Webb Telescope Maps Surface of Rocky Planet 48 Light-Years Away

For the first time ever, astronomers have detected light directly from the surface of a rocky planet orbiting another star, revealing what distant worlds are actually made of.

Using the James Webb Space Telescope, researchers mapped the surface of LHS 3844 b, a scorching world just 48 light-years from Earth. The planet turned out to be a dark, barren landscape covered in basalt rock, similar to the volcanic plains on our own Moon.

This breakthrough marks a major shift in how we study distant planets. Until now, scientists focused mainly on detecting atmospheres around far-off worlds. This research proves we can now analyze the actual geology of rocky planets beyond our solar system.

LHS 3844 b is about 30% larger than Earth and circles its small red star in just 11 hours. The planet is tidally locked, meaning one side permanently faces the star while the other stays in eternal darkness. Temperatures on the dayside reach a metal-melting 1,340 degrees Fahrenheit.

The research team, led by scientists from the Max Planck Institute for Astronomy and Harvard & Smithsonian, couldn't photograph the planet directly. Instead, they measured tiny changes in infrared light as the planet orbited its star, splitting that light into a spectrum like a rainbow.

They then compared what they saw with libraries of known rocks and minerals from Earth, the Moon, and Mars. The surface matched basalt and mantle-like rock rich in magnesium and iron, ruling out an Earth-like granite crust.

The Bright Side: This discovery doesn't just tell us about one distant world. It demonstrates that we now have the technology to study the geology of rocky planets across the galaxy. Scientists can finally move beyond simply finding exoplanets to understanding what they're made of and how they formed.

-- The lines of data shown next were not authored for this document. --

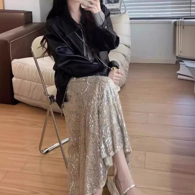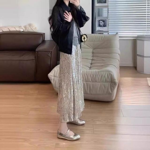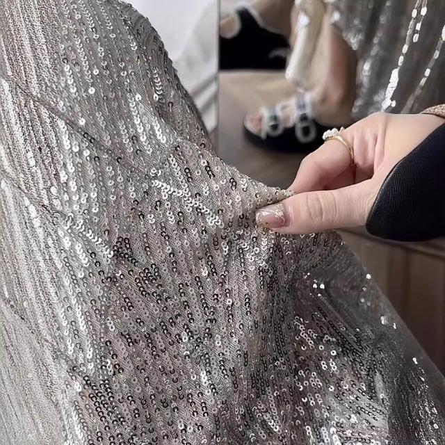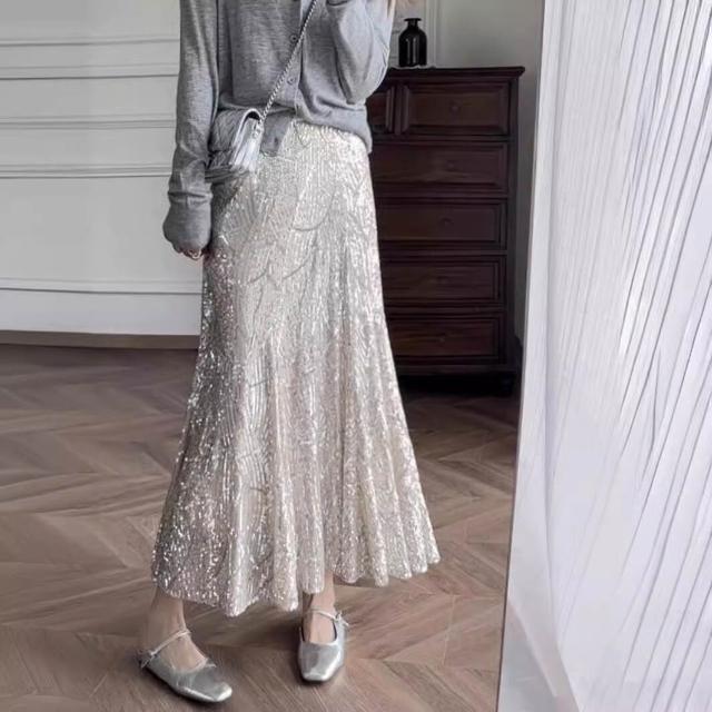 木槿衣坊 銀色亮片半身裙女春夏秋季閃亮半裙重工魚尾裙高級感 字包臀裙子 22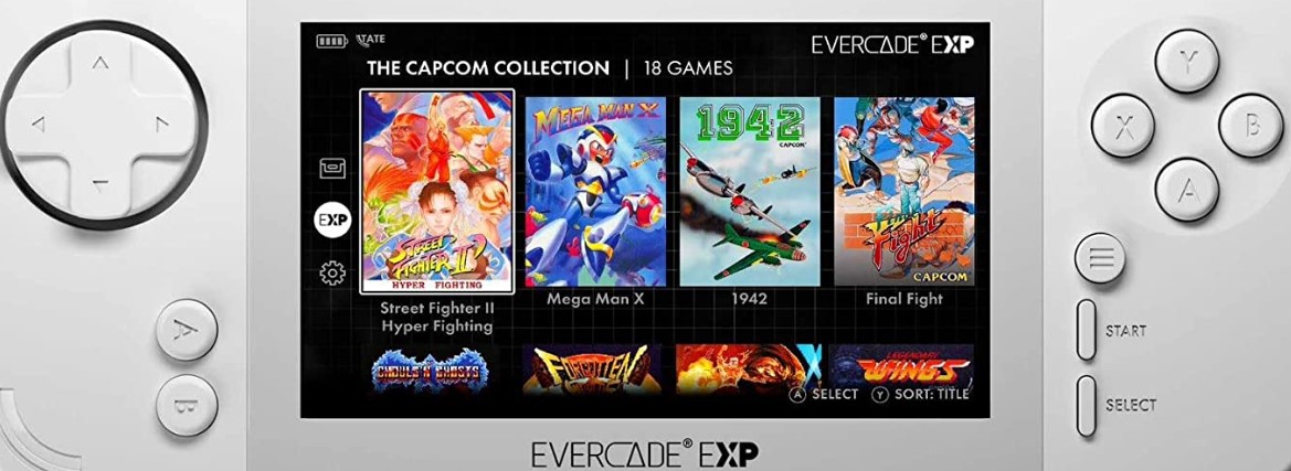 In aggiunta a tutto questo, ogni Evercade EXP include contenuti bonus integrati nel dispositivo. 18 giochi Capcom sono già inclusi all’interno del dispositivo senza necessità di installarli, di riscattare i loro codici o attraverso una cartuccia! 14 grandi giochi arcade e 4 classici per console domestiche ora possono accompagnarti ovunque tu sia! È incluso anche un manuale a colori per le collezioni Capcom.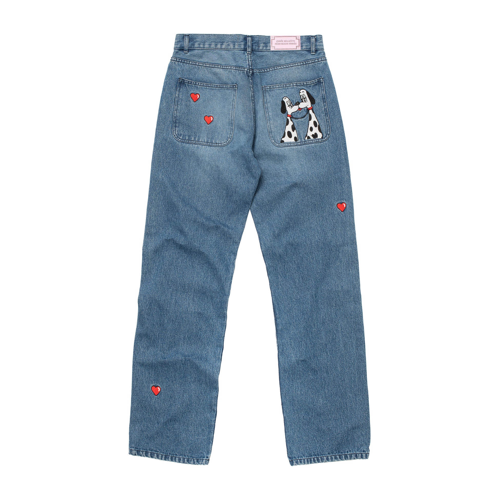 Denim & Dalmatians er et par bukser i denim fra Carne Bollente. Bukserne har patch-detaljer foran og bagpå. Unisex.

The dark surface also revealed that LHS 3844 b lacks plate tectonics and probably contains little water. Without an atmosphere to protect it, radiation and meteorite impacts have gradually broken down the surface rock into a darkened layer similar to Mercury's dusty exterior.

The findings suggest two possibilities. Either the planet experienced recent volcanic activity that resurfaced it with fresh basalt, or it's been geologically dead for eons, slowly weathering into a dark, dusty wasteland.

Either way, this research opens the door to comparing the geology of dozens of rocky exoplanets, helping scientists understand how planets evolve under different conditions. We're no longer just planet hunters but planet geologists, studying alien landscapes tens of light-years away.